Rotary motions happen only in rigid bodies. Few examples of rotational movement are the motions of the earth or the motion of planets around the sun.


A pure rotational motion is when a body spins around a fixed internal axis. In a rotational motion, all the constituent particles of the rigid body undergo circular motion about the common axis.


(image will be uploaded soon)


Common examples of Rotational Motion are:

  • The motion of motors, gears, wheels, top, ferris wheel, etc.

  • The motion of a helicopter’s blades.

  • Move a door that is swiveling on its hinges when you open and close it.

Rotational Motion of Earth

Earth is continuously spinning about its axis. The Earth’s axis is an imaginary line running from its North pole to the South pole. Earth’s rotation is its spinning motion along this imaginary axis. Earth, along with its rotational motion, also orbits or revolves around the Sun.

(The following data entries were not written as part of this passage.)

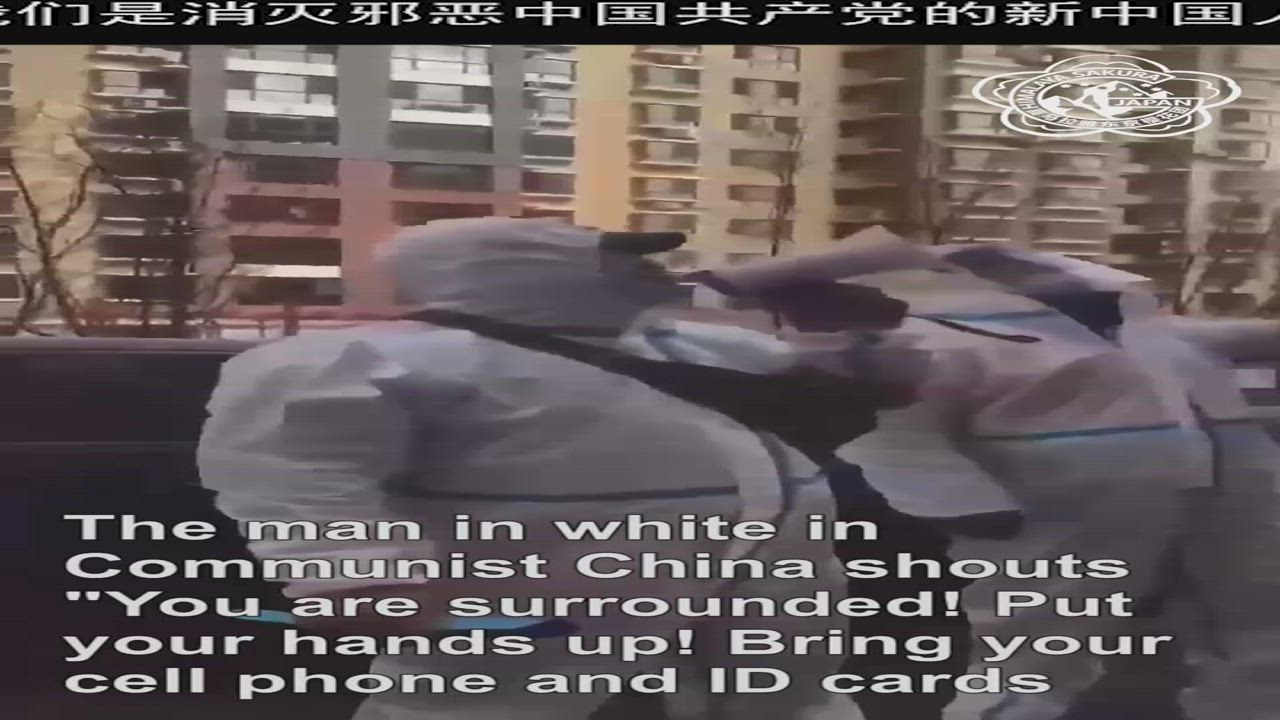 The man in white in Communist China shouts “You are surrounded! Put your hands up! Bring your cell phone and ID cards downstairs for Covid-19 test!”
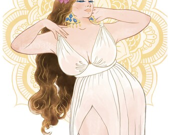 Curvy Pinup - 8x10 art print / fat, bbw, body positive, mystical goddess babe, flower crown mandala
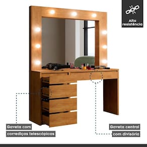 Conheça nossa extraordinária Penteadeira, seu espaço dedicado à beleza e elegante. Equipada com iluminação LED suspensa e um espelho amplo e nítido, proporciona uma experiência de maquiagem de alta qualidade. Seu design moderno e requintado complementa qualquer ambiente, tornando-se o destaque do seu quarto. Mime-se com a Penteadeira Camarim e diversão de momentos de beleza e glamour todos os dias.
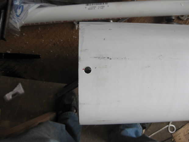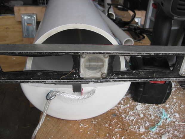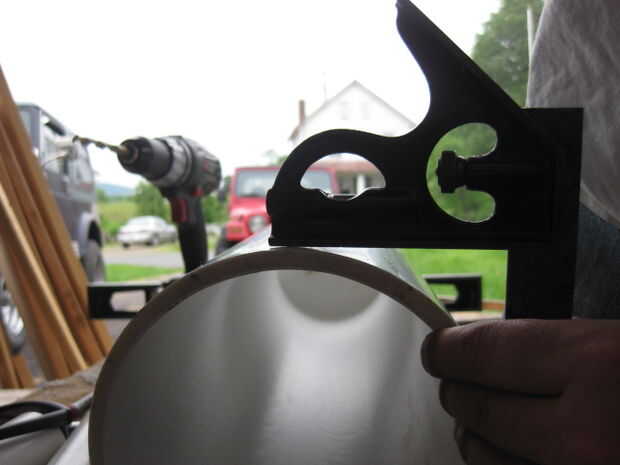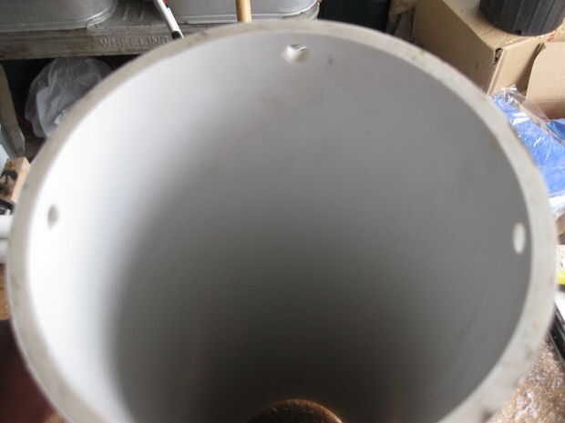 Perfore cuatro agujeros de 3/8" en el extremo sin tapón en él.  Es mejor taladrar a 90 * ángulos de 1/2" de la llanta.  Primer nivel el barril entero con un nivel mayor (puede sólo hacerlo fuera en la primera foto en el medio una tapa).  Utilicé un cuadrado de combo con un nivel en para marcar a los 90 *.  Marque dos puntos que el toque de nivel en una posición entonces moverse alrededor por lo que uno de los puntos es todavía en contacto con la Plaza.  Una vez ellos son perforadas por seguro para suavizar los bordes que cortar a través de la tubería del látex si no redondeado.  Utilicé un papel x-acto cuchillo y arena.

(image will be uploaded soon)


Earth takes precisely 23 hours, 56 minutes, and 4 seconds to make one complete rotation about its axis. But as the Earth is also revolving around the Sun, it needs to turn a little bit more to come at the same place relative to the Sun. Hence the length of a day is 24 hours. The Earth’s rotational speed at the equator is approximately 1700 kilometers per hour. This speed goes down as we move away from the equator, and at the poles, it is almost nothing.


Angular Displacement

The distance moved by the particles of a rotating rigid body gives its angular displacement. It is measured in radians, and all the particles go through this except for the ones which are present on the fixed axis of rotation. Particles on the fixed axis do not undergo any angular displacement.

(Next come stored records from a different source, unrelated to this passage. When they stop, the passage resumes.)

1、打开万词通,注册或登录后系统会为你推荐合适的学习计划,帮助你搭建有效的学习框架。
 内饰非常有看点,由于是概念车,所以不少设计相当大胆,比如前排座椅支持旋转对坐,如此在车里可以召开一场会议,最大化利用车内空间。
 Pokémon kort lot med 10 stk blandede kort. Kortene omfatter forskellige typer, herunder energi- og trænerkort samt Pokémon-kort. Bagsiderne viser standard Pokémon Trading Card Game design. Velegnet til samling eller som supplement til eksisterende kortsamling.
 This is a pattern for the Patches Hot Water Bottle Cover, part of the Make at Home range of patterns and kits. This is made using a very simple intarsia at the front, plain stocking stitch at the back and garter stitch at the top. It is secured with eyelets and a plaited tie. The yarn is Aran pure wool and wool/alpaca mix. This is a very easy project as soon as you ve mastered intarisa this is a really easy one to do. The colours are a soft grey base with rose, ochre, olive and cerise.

(image will be uploaded soon)


The further a particle is from the fixed axis, the more is its angular displacement. The equation to find this displacement is:

Distance = θ * r, Here r is the distance of the particle from the axis of rotation.

FAQ (Frequently Asked Questions)

Q1. What is Rotational Inertia?

Ans. Any object which can be rotated possesses this property called rotational inertia or moment of inertia. This is a scalar value (not a vector) which denotes the difficulty of changing the rotational velocity of an object that is rotating around an axis. Rotational inertia in rotational physics is analogous to mass in linear motion. Just like we gauge an object’s mass (as per Newton’s 2nd law) to know its resistance to change, inertia plays the same role in rotating bodies. The rotational inertia is also referred to as the second moment of mass. The rotational inertia is dependent on the radius of rotation and is given by:


Rotational inertia I = m* r2, where m is the mass of the rotating body and r is the radius of rotation. The moment of inertia is measured in Kg.m2.

Q2. What is the Difference Between Rotation and Revolution?

Ans. An object's movement on its internal axis is called rotational motion while the motion of an object in a circular path along an external axis is called revolution. The most common example is the movement of planet Earth on its axis is rotation (this causes the phenomena of day and night). Earth's movement around the Sun is a revolution (this causes change weather like summers and winters).